No matter who you are, you should not be ostracised because you are not a “real” palaeontologist and you should certainly not have your ideas discredited – not because they are wrong – but because that they are published in a blog or in a non-sanctioned journal. Indeed, online publishers face a far greater critical audience and they know, or should know, that when you put your work, opinions and ideas up for public scrutiny that you will attract attention and you should be prepared to accept this criticism. Critique the work yes but do not ignore it or regard it as below status. 

Importantly, interpretation of data from all quarters needs to be fair and as accurate as possible. Unfortunately palaeontology, or indeed any science, is seldom a straight forward affair. In an ideal world we would find our fossils, prepare them, measure and research them and this would enable us to form our hypotheses about them whilst, at the same time, being able to disqualify others – the data supports the hypothesis – simple.

As we are all aware, however, this is seldom the case and the palaeontologist again needs to maintain a delicate balancing act.  In our science, because we are dealing with fossil remains, there are many occasions when a theory can only be formed because of subjectivity and all of us – but all of us – will do this. The trick is not to let any biases or any preconceived ideas influence your decisions.

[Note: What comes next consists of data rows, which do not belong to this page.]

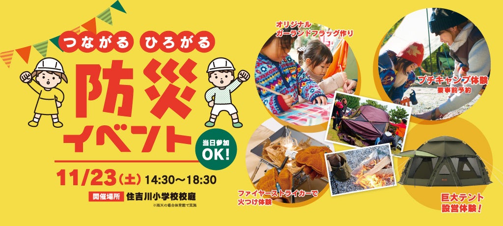 小学校でキャンプ体験!アウトドアを楽しみながら防災への理解を深める「つながる ひろがる 防災イベント」11月23日(土)に実施!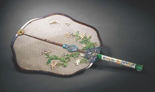 保利拍品 象牙絲編織菊蝶圖畫琺瑯柄宮扇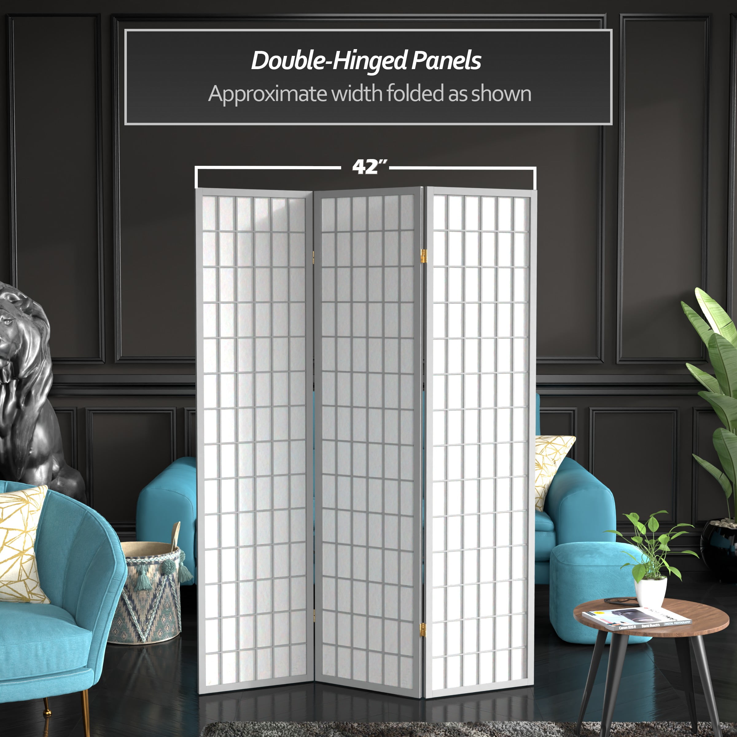 Red Lantern 6 ft. Tall Window Pane Shoji Screen – Grey – 3 Panels

This is never easy since data can be notoriously erroneous and deciding which data is useful and that which is not can make and break a theory. Indeed, testability is crucial.

It is up to the palaeontologist to try and present the facts in a clear and concise way that in no way has had the data bent or twisted to accommodate the hypothesis. This is the very essence of good science because then the palaeontologist is not only understanding his own research but is always questioning himself about it time and time again before he is happy. This is a discipline to be admired since it must take a long long time to develop.

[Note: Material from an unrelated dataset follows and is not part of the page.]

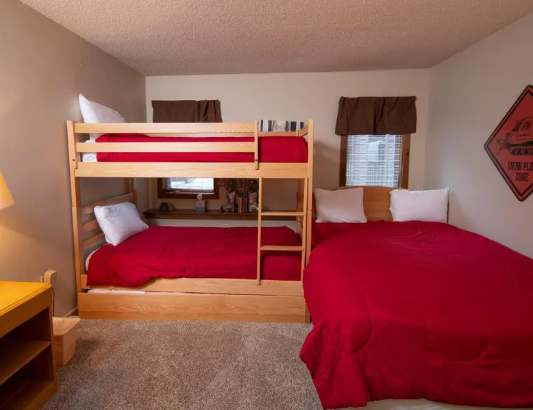 Accommodations Features: Okemo Mountain Lodging in Ludlow offers free WiFi, private bathrooms with free toiletries, and TVs. Each room includes a private bathroom and a comfortable space for relaxation. Amenities and Services: Guests enjoy free on-site private parking, ensuring convenience during their stay. The resort provides a welcoming environment with English-speaking reception staff available to assist with any needs. Activities and Attractions: Okemo Mountain Lodging is located 19 mi from Rutland State Airport. Nearby attractions include Dorsey Park at 1.1 mi and Gifford Woods State Park 23 mi away. Skiing enthusiasts can explore nearby ski resorts such as Killington Mountain (25 mi) and Stratton Mountain (27 mi). This apartment features a TV. The unit has 8 beds.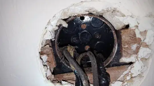 I rent an old 1920's built house where an old hanging light fixture junction box was covered with a blank panel. I want to hang a ceiling fan in this living room, but when exposed I see this old junction box that is really in the plaster and would be a huge hassle to replace.

Having said all this I have to say that the vast majority of my experiences within the palaeontological community have been nothing but good at all levels of the science. There has been the odd occasion where I think I may have been a little hard done by, unfairly criticised or ignored but these are extremely few and far between. Indeed, over the years, I use these experiences to learn about how the palaeoworld works and, more importantly, to learn about myself as well as others.

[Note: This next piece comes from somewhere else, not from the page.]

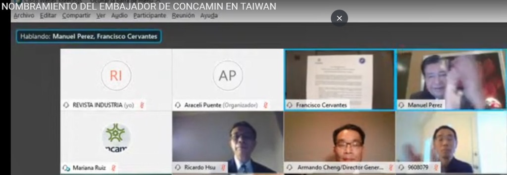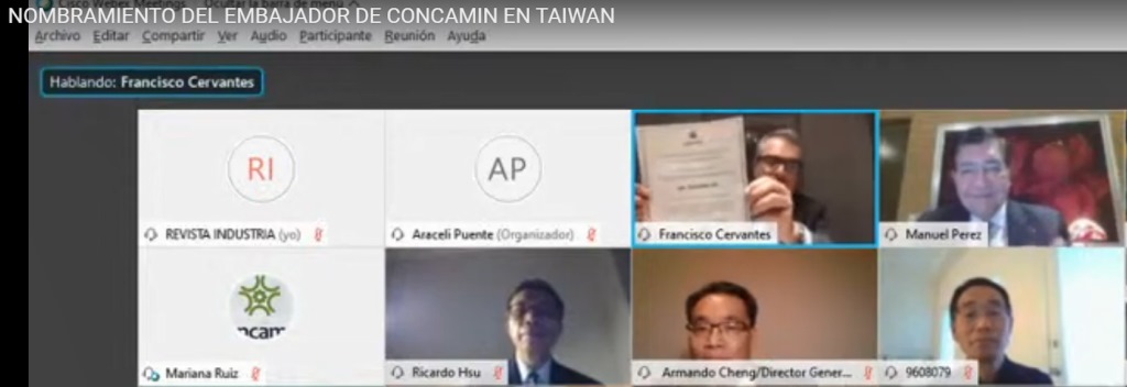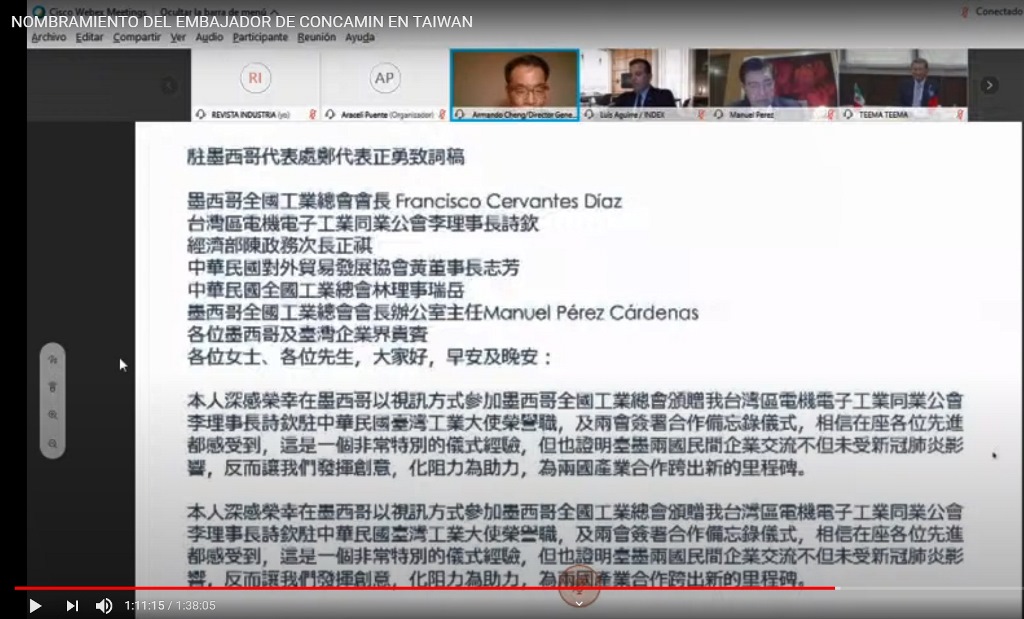墨西哥全國工業總會於墨西哥時間本(2020)年8月12日晚間8時(臺北時間8月13日上午9時)舉行頒贈我台灣區電機電子工業同業公會李理事長詩欽該會駐中華民國臺灣工業大使榮譽職暨兩會簽署合作備忘錄儀式。

Palaeontology of today is global. We are able to communicate with each other in ways that are unparalleled when compared with the past. Avocationists, amateurs and everybody else are able to communicate with palaeontologists of all levels via the social networks, the blogs and the conferences.  Once we were only able to watch these guys on the occasional TV program or when reading the odd magazine article or book – today we communicate with each other on a surprisingly regular basis.

We know who is in the field and where they are, we get instant notification of new discoveries and the same with new publications. Everything we see and do is disseminated instantly amongst all of us and I, for one, would not want it any other way. Palaeontology of today is fast moving, fluid and ever changing and where we will be in fifty years’ time blows the mind.

So we have to accept that there will be times when things do not quite go as we want, when people do not quite respond in the way we would expect and our friends and colleagues may appear a little short sometimes. This is the price we all pay for today’s instant communication and when you consider how rare these discretions are in the palaeoworld then surely it is a price worth paying.